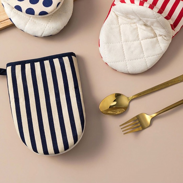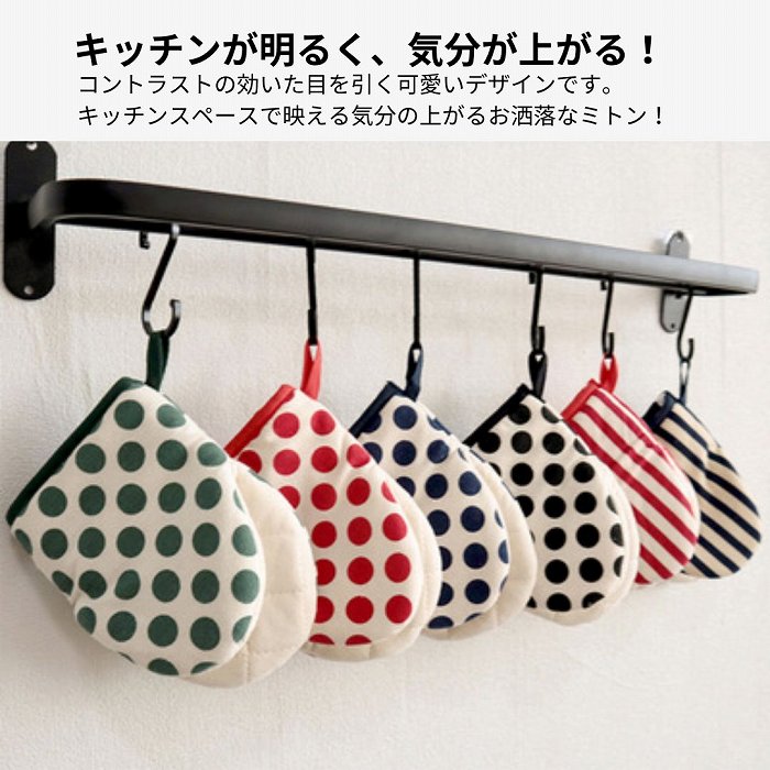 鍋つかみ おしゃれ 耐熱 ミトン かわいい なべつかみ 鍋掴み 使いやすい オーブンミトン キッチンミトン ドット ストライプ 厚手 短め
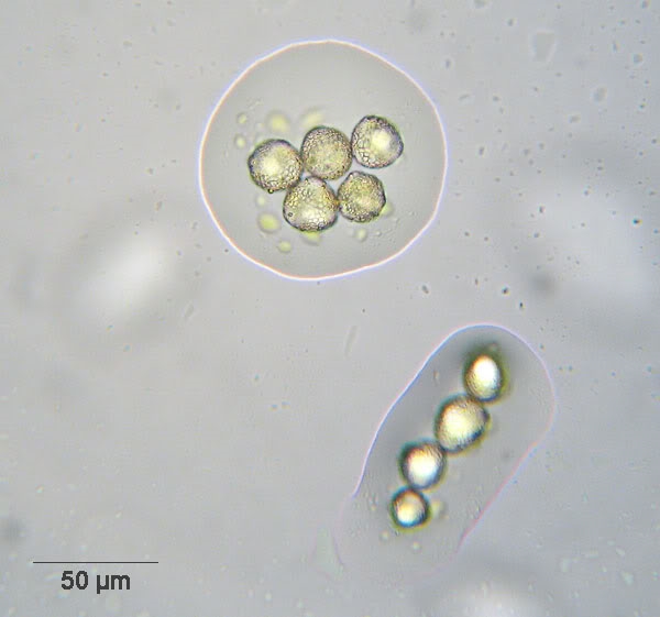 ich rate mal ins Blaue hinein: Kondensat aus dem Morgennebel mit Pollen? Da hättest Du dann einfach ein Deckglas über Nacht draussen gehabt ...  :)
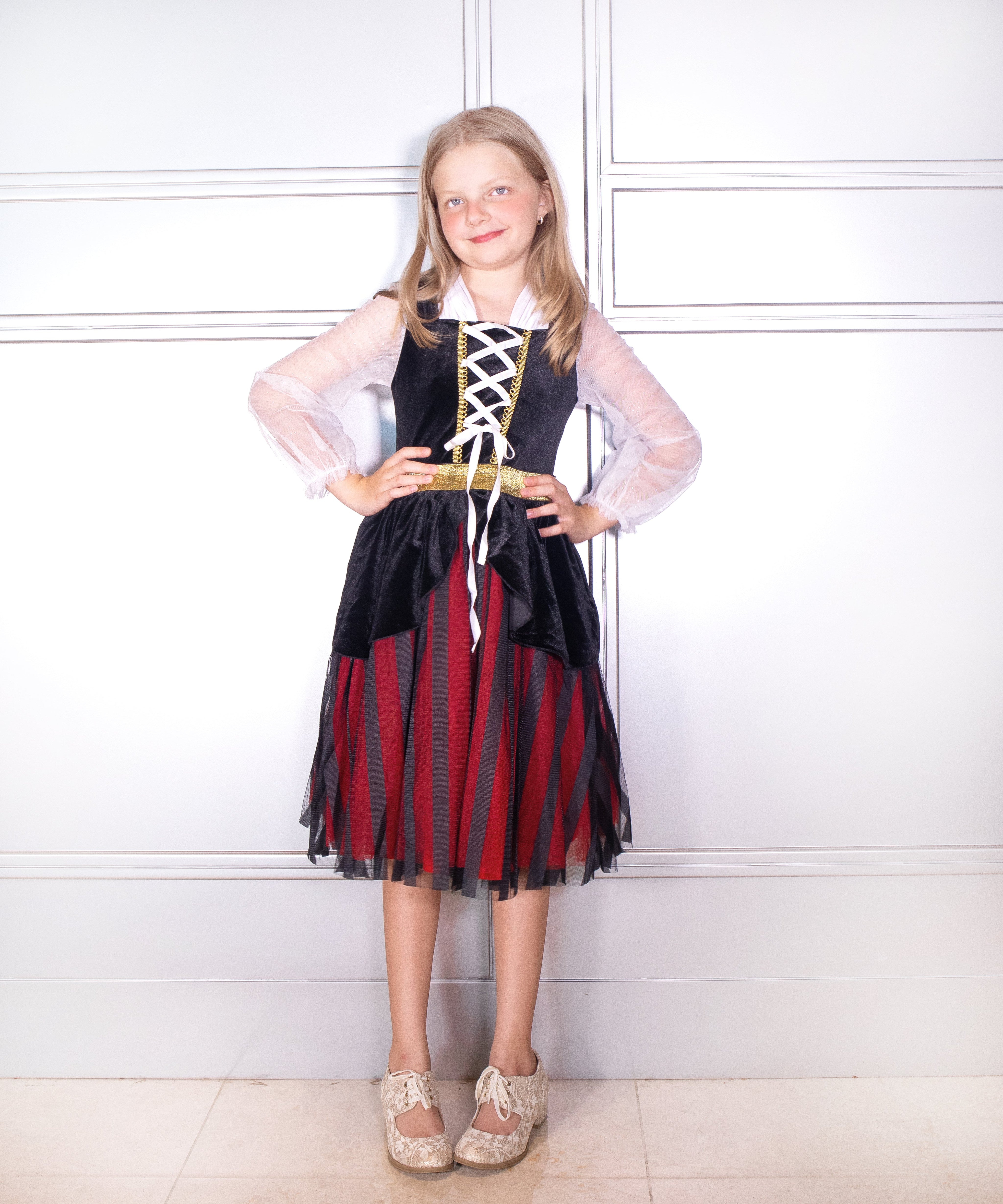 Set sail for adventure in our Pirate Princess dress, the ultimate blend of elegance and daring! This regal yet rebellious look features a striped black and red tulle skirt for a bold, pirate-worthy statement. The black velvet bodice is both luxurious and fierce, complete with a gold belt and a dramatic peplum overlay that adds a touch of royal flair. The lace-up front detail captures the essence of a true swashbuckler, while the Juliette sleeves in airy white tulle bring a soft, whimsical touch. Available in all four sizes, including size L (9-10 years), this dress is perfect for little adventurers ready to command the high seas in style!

********

_Exercise_. Pictures excluded, repeat the material above from its first line through the line containing "ich rate mal", both included.

_Exercise solution_.
 鍋つかみ おしゃれ 耐熱 ミトン かわいい なべつかみ 鍋掴み 使いやすい オーブンミトン キッチンミトン ドット ストライプ 厚手 短め
 ich rate mal ins Blaue hinein: Kondensat aus dem Morgennebel mit Pollen? Da hättest Du dann einfach ein Deckglas über Nacht draussen gehabt ...  :)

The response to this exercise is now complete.